Many African-Americans Christians who have long sought to see our fellow Christians address these issues were heartened to see some Evangelicals do so. Many Caucasian-American Christians acknowledged that discrimination in a variety of forms still exists and that it impacts the lives of African-Americans rich and poor. Evangelical acknowledgement of this painfully reality was far greater during this particular news cycle than it was as recently as Trayvon Martin. That is progress.

After the emotions of these tragedies wane, the underlying societal inequalities still exist. For us it is not a matter of refusing to click links or turning off the news. I get tired too. I stop reading when it becomes overwhelming, but I never stop living it.

Christian love and cruciform racial reconciliation exists beyond moments of national crisis. It is a long-term solidarity that reveals itself in the small acts of courage placed before us everyday. It is the work of a lifetime. What does this look like practically?

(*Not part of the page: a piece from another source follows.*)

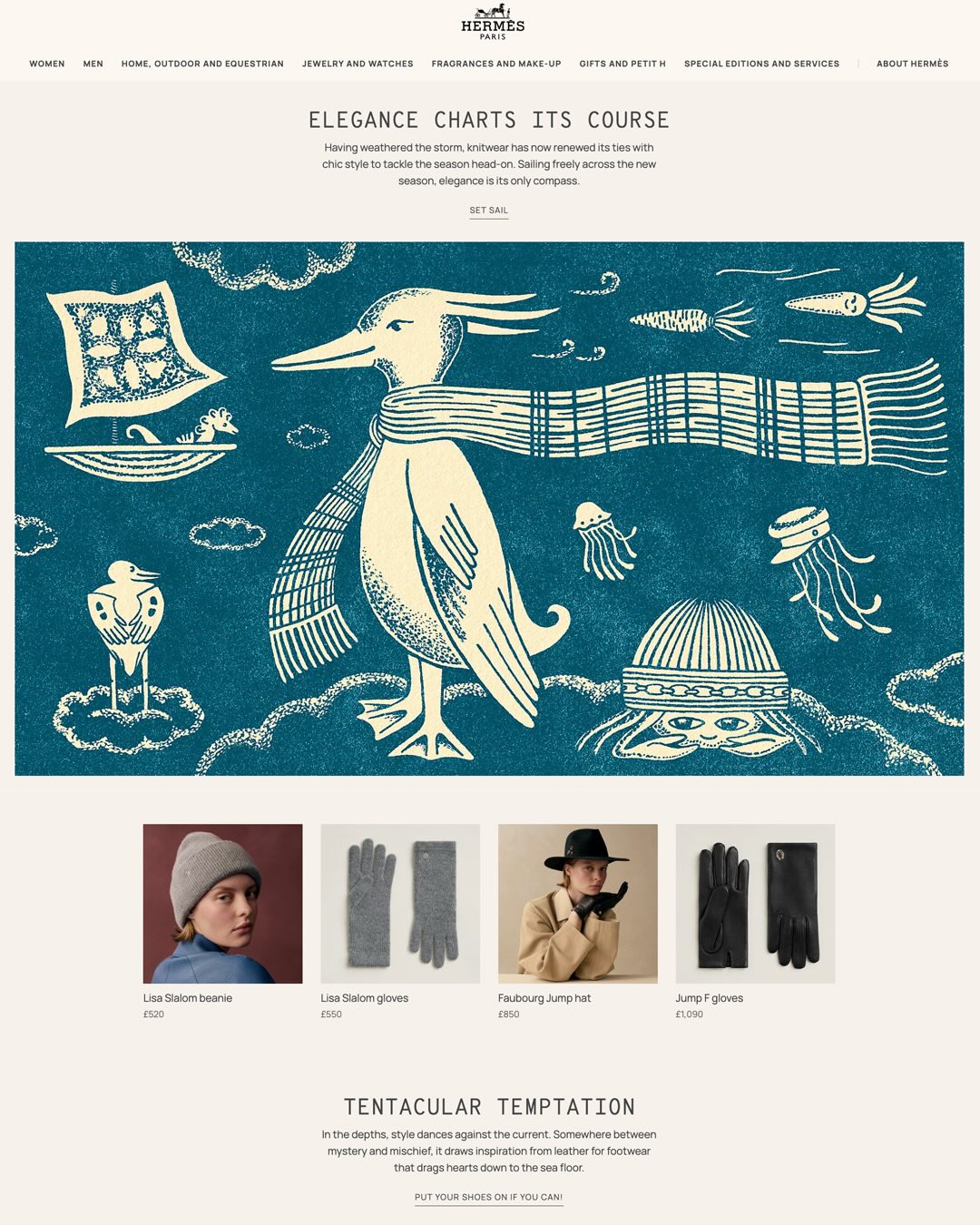 Fransız moda evi Hermès, tasarımcıların, kağıt sanatçılarının ve yerleştirme sanatçılarının imzasını taşıyan vitrin düzenlemeleriyle insan ürünü yaratıcı işlere verdiği önemi defalarca ortaya koydu. Yapay zekânın üretim süreçlerinde giderek daha fazla yer aldığı, buna tepki olarak da insan ürünü işlerin yeniden değer kazandığı bir dönemde, Hermès’in yaklaşımı değişmedi. 2025 yılı boyunca da uluslararası sanatçılarla iş birliği sonucunda doğan illüstrasyonlarla ve animasyonlu hikayelerle konuşuldu. Linda Merad‘ın illüstrasyonlarını merkeze alan geçici internet sitesi tasarımı da markanın her yaratıcı adımında olduğu gibi yine dikkat çekti. Tasarımlar, Hermès’in 2026 teması “Venture Beyond” (L’appel du large) kapsamında hazırlandı.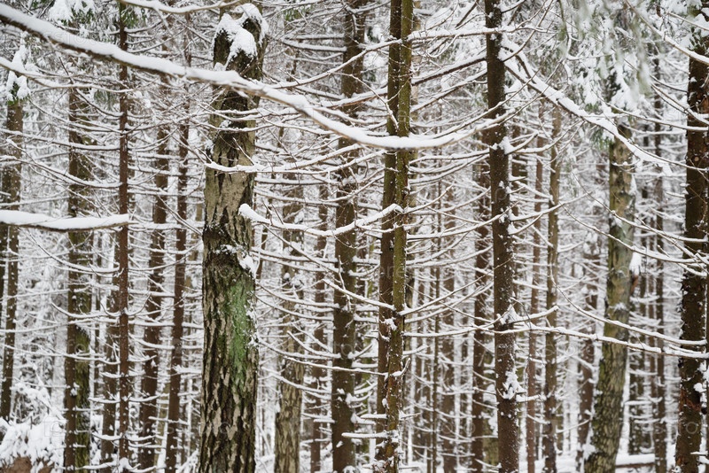 Ряды стволов деревьев с заснеженными ветвями в зимнем лесу

  • Pastors can begin to build the relationships across racial lines in their community that manifests the unity we have in the Messiah.
  • Lay leaders and congregations can make it a priority to create churches that reflect the diversity of the communities in which they live.
  • Parents can educate their children about God’s will to reconcile all people through the cross with such passion that their kids see the diversity of the church as a witness to the faithfulness of God.
  • We can be vocal in the thousands of discriminatory conversations that happen around us everyday. We can make our homes, schools, and businesses unsafe places for casual racism (or sexism).
  • In the pulpit, our homes, and classrooms we can laud the vitally important “secular” careers that allow our society to prosper. We need more police officers, teachers, firemen, leaders of business, and elected officials who understand racial reconciliation through the lens of the cross.

None of this is the work of social media. It requires sacrifices and an unfading conviction that this is part of the work that God has given to his church.

Little children, let us love, not in word or speech, but in truth and action (1 John 3:18).